§ YOUR ASSIGNMENT
The lines needed run from the one that contains "Ducker Backpack, Max-7." through the end of the material below, both included; write them out exactly, with no pictures.

§ DATA SEGMENT
-.-.-

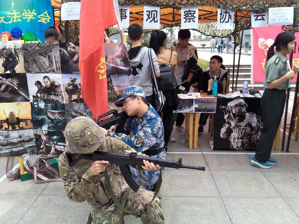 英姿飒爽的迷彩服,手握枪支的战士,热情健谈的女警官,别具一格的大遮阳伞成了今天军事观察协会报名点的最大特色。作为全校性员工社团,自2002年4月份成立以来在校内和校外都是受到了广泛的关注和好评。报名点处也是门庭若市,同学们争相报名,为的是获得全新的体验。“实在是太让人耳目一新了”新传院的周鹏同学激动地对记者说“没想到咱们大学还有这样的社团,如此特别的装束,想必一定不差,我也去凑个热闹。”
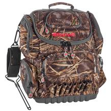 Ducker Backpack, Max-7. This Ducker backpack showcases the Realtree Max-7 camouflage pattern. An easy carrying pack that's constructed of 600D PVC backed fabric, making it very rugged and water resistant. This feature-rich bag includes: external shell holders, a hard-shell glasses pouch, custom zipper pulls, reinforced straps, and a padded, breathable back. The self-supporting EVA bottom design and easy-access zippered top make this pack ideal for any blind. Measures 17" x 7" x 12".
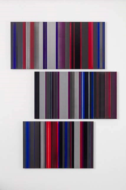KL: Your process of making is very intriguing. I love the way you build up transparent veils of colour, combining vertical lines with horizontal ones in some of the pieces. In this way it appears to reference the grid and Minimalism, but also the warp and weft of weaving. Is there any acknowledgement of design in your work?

-.-.-

§ EXERCISE RESULT
 Ducker Backpack, Max-7. This Ducker backpack showcases the Realtree Max-7 camouflage pattern. An easy carrying pack that's constructed of 600D PVC backed fabric, making it very rugged and water resistant. This feature-rich bag includes: external shell holders, a hard-shell glasses pouch, custom zipper pulls, reinforced straps, and a padded, breathable back. The self-supporting EVA bottom design and easy-access zippered top make this pack ideal for any blind. Measures 17" x 7" x 12".
KL: Your process of making is very intriguing. I love the way you build up transparent veils of colour, combining vertical lines with horizontal ones in some of the pieces. In this way it appears to reference the grid and Minimalism, but also the warp and weft of weaving. Is there any acknowledgement of design in your work?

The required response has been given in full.